商人たちの間では、まったく違う熱が広がっていた。
「三日だ」
酒杯を置きながら、行商人が言う。
「ここからリュシュートまで、三日で着いた」
「護衛は?」
「いらなかった」
どよめきが起きる。
「魔物は?」
「見かけた、遠目にな。
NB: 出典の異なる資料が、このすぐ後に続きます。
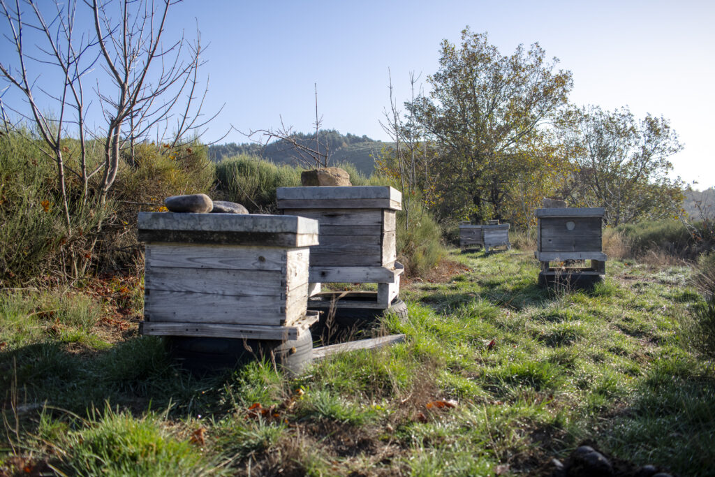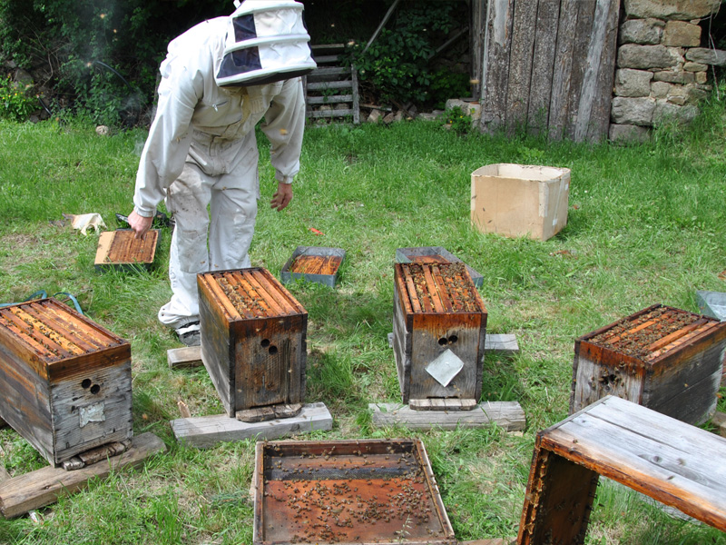 - Apiculture sédentaire avec des colonies d’abeilles noires locales issues d’essaims naturels
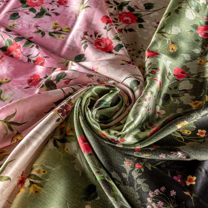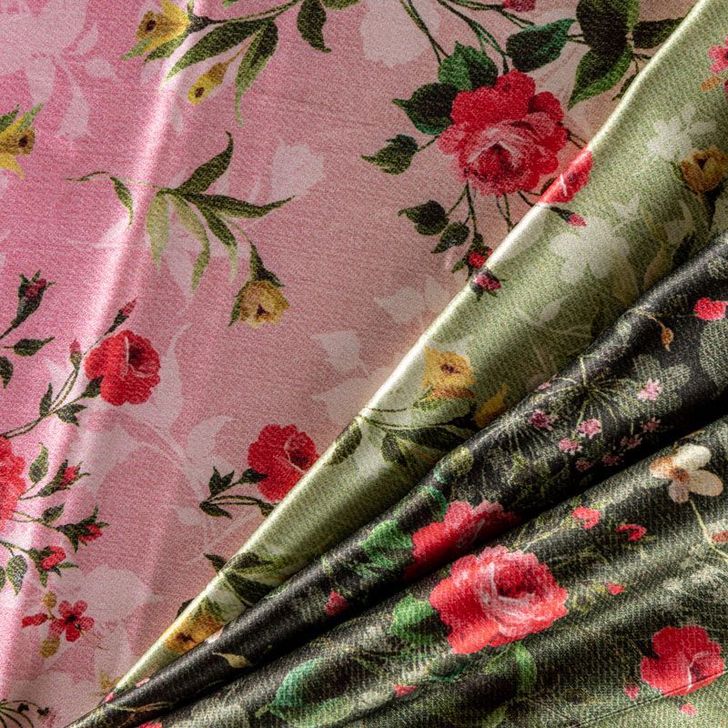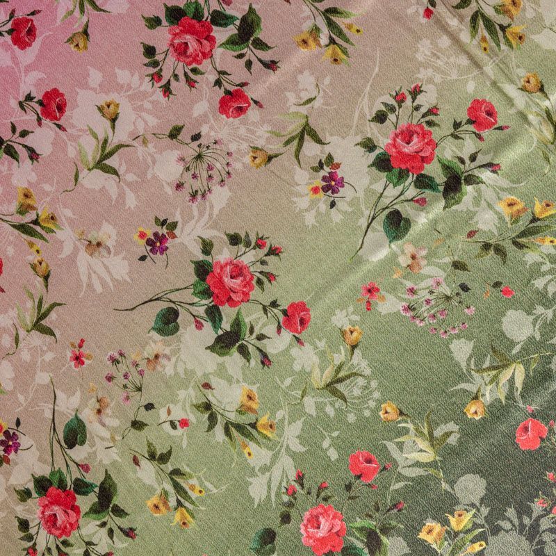 Итальянский натуральный шелк с эффектом деграде с плавным переходом от хаки до яркого-розового цвета, дополненный цветочным принтом, подойдет для ценителей ярких образов. Ткань имеет атласную поверхность, легкая, тонкая, струящаяся, хорошо драпируется. Будет идеальна для пошива летнего сарафана, платья, блузки, костюма в пижамном стиле, широких брюк или юбки.
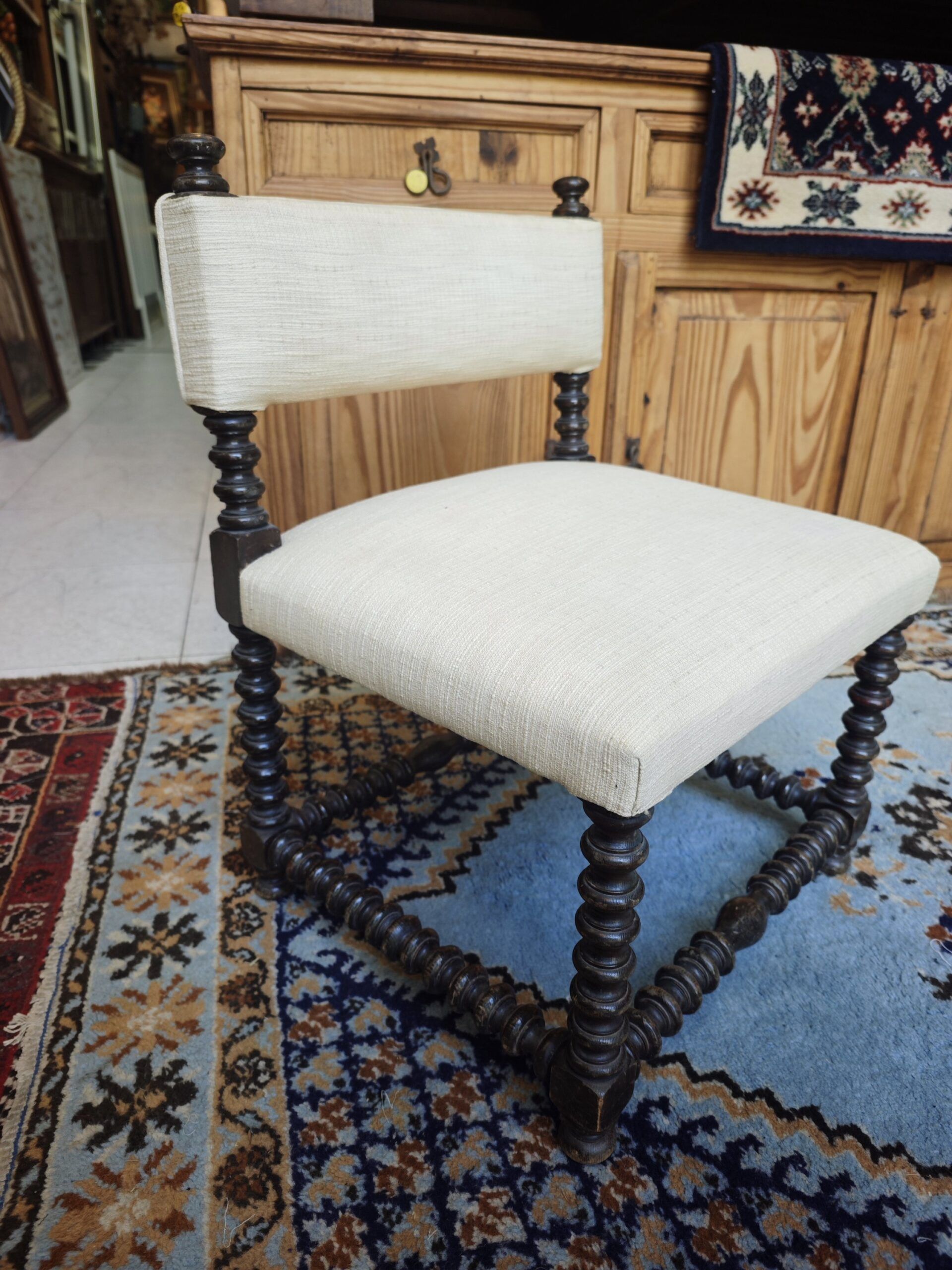 Esta excepcional silla descalzadora es una oda a la ebanistería tradicional española del siglo XIX y principios del XX, inspirada en los diseños austeros pero señoriales del Renacimiento español. El elemento protagonista es, sin duda, su estructura de madera maciza tallada íntegramente en «torneado de rosario» (o de bolas), una técnica laboriosa que otorga una textura rítmica y una presencia escultural única a las patas, los travesaños y los montantes del respaldo.
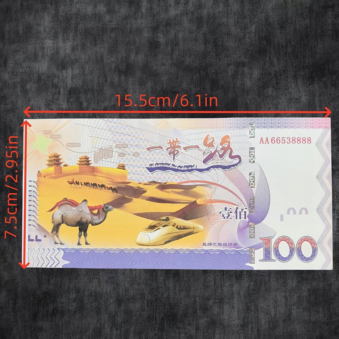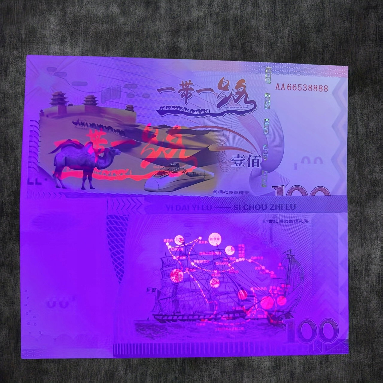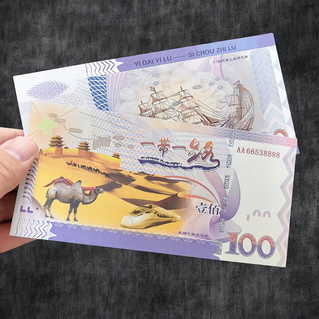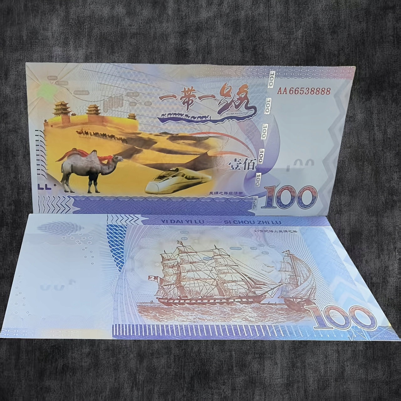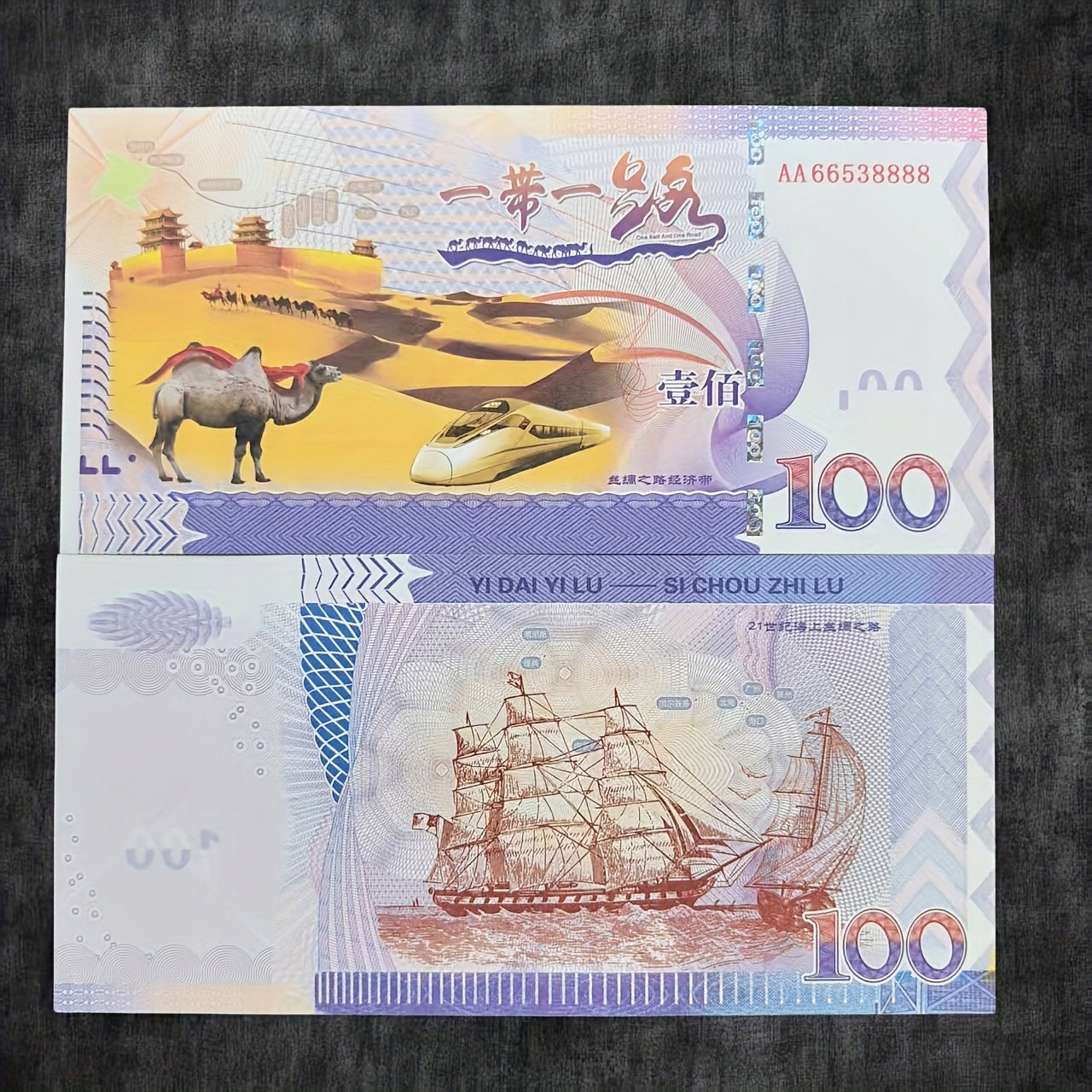 - Wzornictwo: Banknot wyróżnia się bogatą i symboliczną grafiką. Na awersie przedstawiono nowoczesne i historyczne aspekty Jedwabnego Szlaku:Pustynny krajobraz z wielbłądem: Symbolizuje tradycyjne, lądowe szlaki handlowe.Szybki pociąg: Reprezentuje nowoczesne, innowacyjne podejście do transportu i globalnej łączności.Zabytkowa architektura: Nawiązuje do bogatej historii i dziedzictwa kulturowego regionu.Napisy w języku chińskim i pinyin (YI DAI YI LU - JEDWABNY SZLAK), które są centralnym motywem banknotu.Numer seryjny: Widoczny numer , który dodaje banknotowi unikalności.
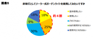 庭や玄関脇などに設置するソーラー充電式のガーデンライトは約6割の人が知らないと回答した一方で、約4割の人が使用したいと回答した。太陽光で充電できるので費用をかけずに庭をお洒落に彩ってくれるだけでなく、緊急時の非常灯の代替品として使用できる。
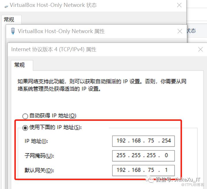 将 VBOX 虚拟机地址修改为其他 IP 地址,例如 75.254 或者其他网段也可以,可根据实际情况设置。将 Linux 端 IP 地址改回 75 11 即可。
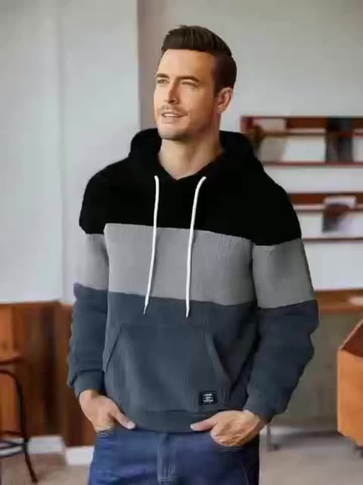 Men's Heavyweight Plush Hoodie - Winter Thermal Pullover Sweatshirt with Kangaroo Pocket, Dark Grey/Black Color Block Hooded Sweater for Cold Weather, Machine Washable Loose Fit Casual Outerwear, Ribbed Cuffs And Hem

けど、近づいてこなかったな」
道は整備され、見通しもいい。
休憩所には簡易の見張りが立ち、
通行税は破格で、余計な請求もない。
「……冗談みたいな話だ」
別の商人が、半ば呆然と呟く。
「運送費が護衛費も含めると半分以下だぞ」
「時間も短い」
「損する要素が見当たらない」
「それが全部、ルミナス王国の管理だって?」
「ああ」
誰かが、声を潜めた。
「しかもな……」
「ルミナスとリュシュートを繋ぐために作られた道だそうだが、
途中の関係ない街から通ろうとする俺らみたいな連中に対しては、
脅しも圧力もなかった」
「ただ“使っていい”ってだけだ」
沈黙が落ちる。
商人にとって、
“安全で、安くて、早い”道ほど魅力的なものはない。
「……だが、ここまでやって、あそこが黙ってるはずないよな」
誰かがそう言った。
「あぁ確実に動くだろうよ」
――――――
数日後。
大陸中央、商業国家ハルディア王国。
その中心部に本拠を構える、巨大な商会。
グラント商会。
利益のためなら、合法も非合法も問わない。
潰せるなら潰し、取り込めるなら取り込む。
それが、この商会の流儀だった。
「ルミナス王国か……」
応接室で、男が書類をめくる。
「道を完成させ、魔物を制圧し、
今度は流通網まで牛耳ろうとしている?」
「ええ。すでに商人が集まり始めています」
報告役が淡々と答える。
「採算は?」
「……非常に良いかと」
男は、にやりと笑った。
「儲かる匂いがするな」
「ですが……相手は、かなりの力を持っています」
「力?」
肩をすくめる。
「力があるからこそ、商売になる」
グラント商会は、常にそうだった。
「視察団を出せ」
「条件次第では、独占も狙う」
「もし、拒まれた場合は?」
男は、しばらく考えるふりをしてから言った。
「その時は――」
「別の“手段”を考えるだけだ」
穏やかな口調だった。
だが、その目は、冷えている。
世界は、確実に動き始めていた。
噂は、剣より早く広がる。
そして、金は――
噂よりも、ずっと容赦がない。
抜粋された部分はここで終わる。